Copy out the data word for word, without any of its pictures.

Data below

* * *

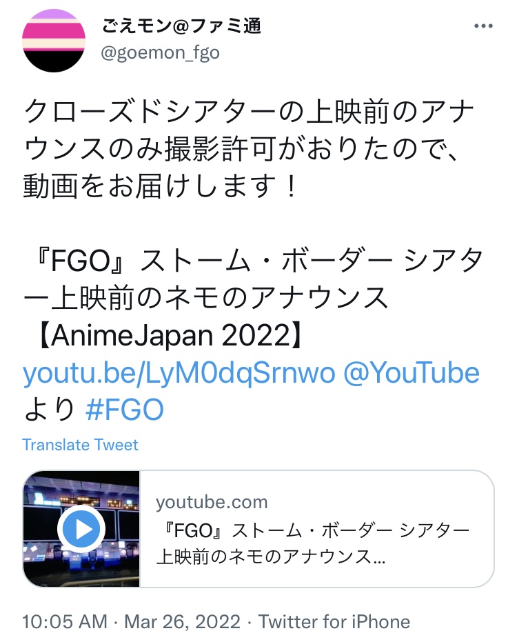今までFGOは4時以降生放送ばっかだったからそれに慣れてしまってアニメジャパンの生放送時間勘違いしちゃうとヤバいな。>>19
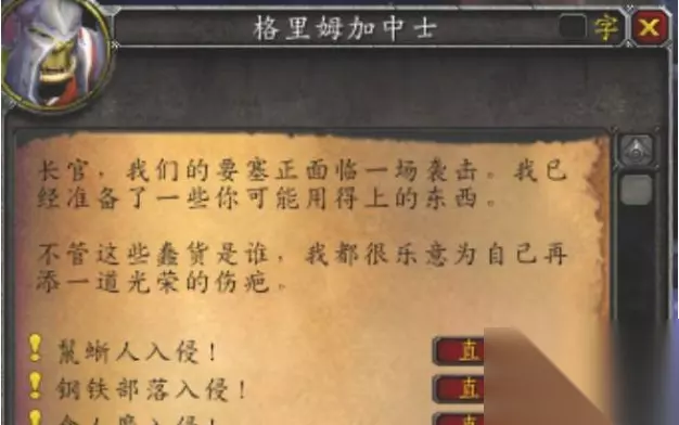 魔兽世界要塞前置任务在哪 任务介绍: 1、要塞任务需要要塞升到3级,之后找到要塞大厅门口的军需官。
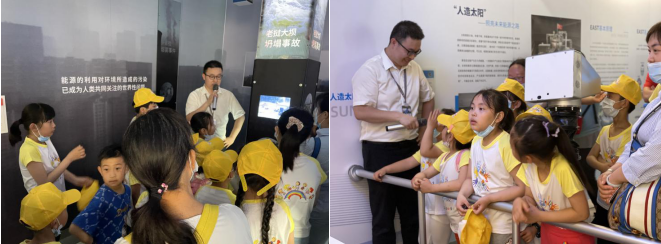 活动伊始,孩子们在科技馆讲解员的带领下参观科技馆。从火山模拟、电路实验、垃圾分类、能源利用、奇景空间、中国航天等,大家都被眼前的科技产品深深地吸引着。讲解员带领家长和孩子们在科学的世界中遨游、探索,让家长和孩子们在了解科学奥妙的同时,能够放松身心,收获快乐。参观中,孩子们时而在兴致勃勃地发射“空气火箭”,时而跑到“电路测试台”前进行体验,时而在水展区转动“音乐水轮”……整个参观体验活动融参观性、科技性、操作性、趣味性和知识性于一体,孩子们个个热情高涨,表现出浓厚的兴趣和强烈的求知欲。

* * *

Task solution
今までFGOは4時以降生放送ばっかだったからそれに慣れてしまってアニメジャパンの生放送時間勘違いしちゃうとヤバいな。>>19
 魔兽世界要塞前置任务在哪 任务介绍: 1、要塞任务需要要塞升到3级,之后找到要塞大厅门口的军需官。
 活动伊始,孩子们在科技馆讲解员的带领下参观科技馆。从火山模拟、电路实验、垃圾分类、能源利用、奇景空间、中国航天等,大家都被眼前的科技产品深深地吸引着。讲解员带领家长和孩子们在科学的世界中遨游、探索,让家长和孩子们在了解科学奥妙的同时,能够放松身心,收获快乐。参观中,孩子们时而在兴致勃勃地发射“空气火箭”,时而跑到“电路测试台”前进行体验,时而在水展区转动“音乐水轮”……整个参观体验活动融参观性、科技性、操作性、趣味性和知识性于一体,孩子们个个热情高涨,表现出浓厚的兴趣和强烈的求知欲。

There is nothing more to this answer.